New Parliamentary Budget Office figures reveal the tax measure will cost more in the next ten years than in its entire 25-year history.

The Capital Gains Tax discount will cost the federal budget $247 billion over the next decade, according to new Parliamentary Budget Office analysis.

The figures, commissioned by the Greens-led Select Committee into the Operation of the CGT Discount, show the tax measure’s cost is accelerating – exceeding the $205 billion it has cost across its entire 25-year history.

The analysis also found the richest 1 per cent of income earners will receive 59 per cent of the benefit from the CGT discount this financial year, up from 54 per cent in previous analysis.

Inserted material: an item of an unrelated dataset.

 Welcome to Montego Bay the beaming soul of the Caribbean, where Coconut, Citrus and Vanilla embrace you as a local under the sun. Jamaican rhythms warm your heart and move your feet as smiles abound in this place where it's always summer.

Meanwhile, just 4 per cent of the benefit goes to Australians under 35.

Greens Economic Justice spokesperson Senator Nick McKim said the discount had become “a quarter-trillion-dollar joke that overwhelmingly favours the super-wealthy.”

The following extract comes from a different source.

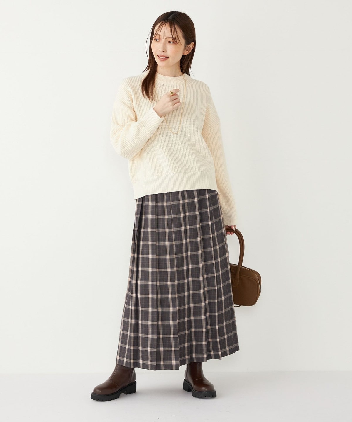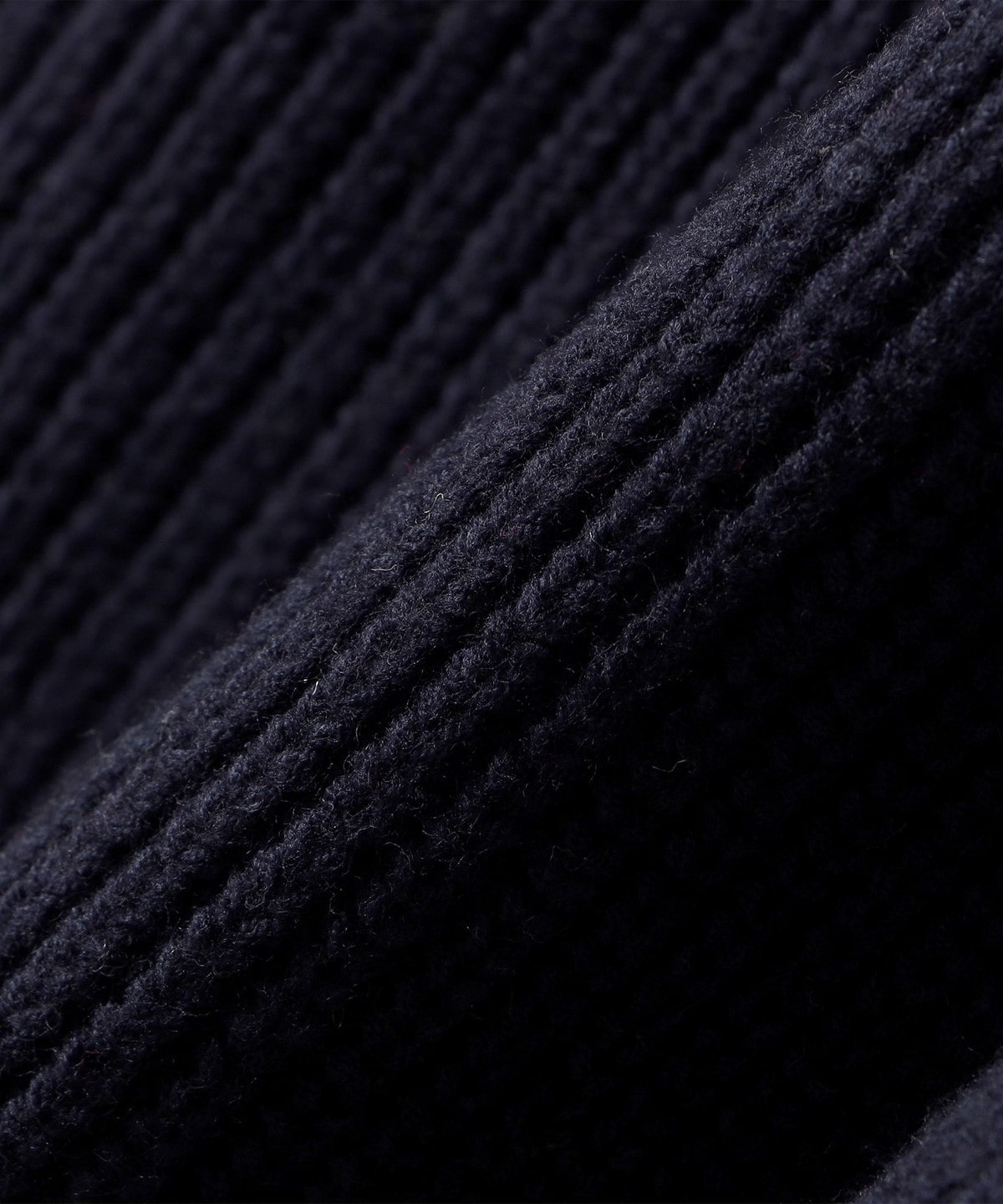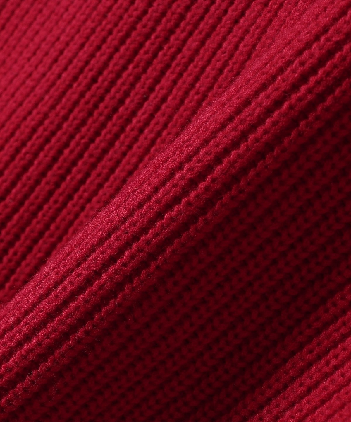 畦編み特有の凹凸感がほどよい表情を与え、シンプルながらも大人のスタイルに映える1枚です。

“It means that Australians who go to work each day pay double the tax than someone who earns the same amount flipping investment properties,” Mr McKim said.

“Instead of supporting productive investment, the CGT discount is now overwhelmingly used to subsidise speculation on existing properties, driving up prices and making home ownership even more difficult for renters.”

Greens Housing spokesperson Senator Barbara Pocock linked the tax settings to broader housing affordability pressures.

“Negative gearing and the capital gains tax discount let cashed-up investors outbid everyday Australians – and young people are the ones paying the price,” Ms Pocock said.

The Greens are calling for the discount to be scrapped, arguing Labor should redirect the savings toward social and affordable housing construction.

The Organisation for Economic Co-operation and Development noted Australia’s housing situation in its latest report, pointing to tax settings as partially responsible.

“Removing some of the favourable tax treatment of residential property ownership, including capital gains tax concessions and negative gearing, would help to cool demand and could help to mitigate upward pressure on house prices,” the OECD said.

Independent economist Chris Richardson said reducing the discount to 33 per cent would likely lead to a 1.5 to 2 per cent fall in house prices.

“It would unwind two months of 2025’s growth in housing prices,” he said. 

“That’s far from nothing. Yet, it is neither apocalyptic nor revolutionary.”

The federal government has not announced any plans to review the CGT discount.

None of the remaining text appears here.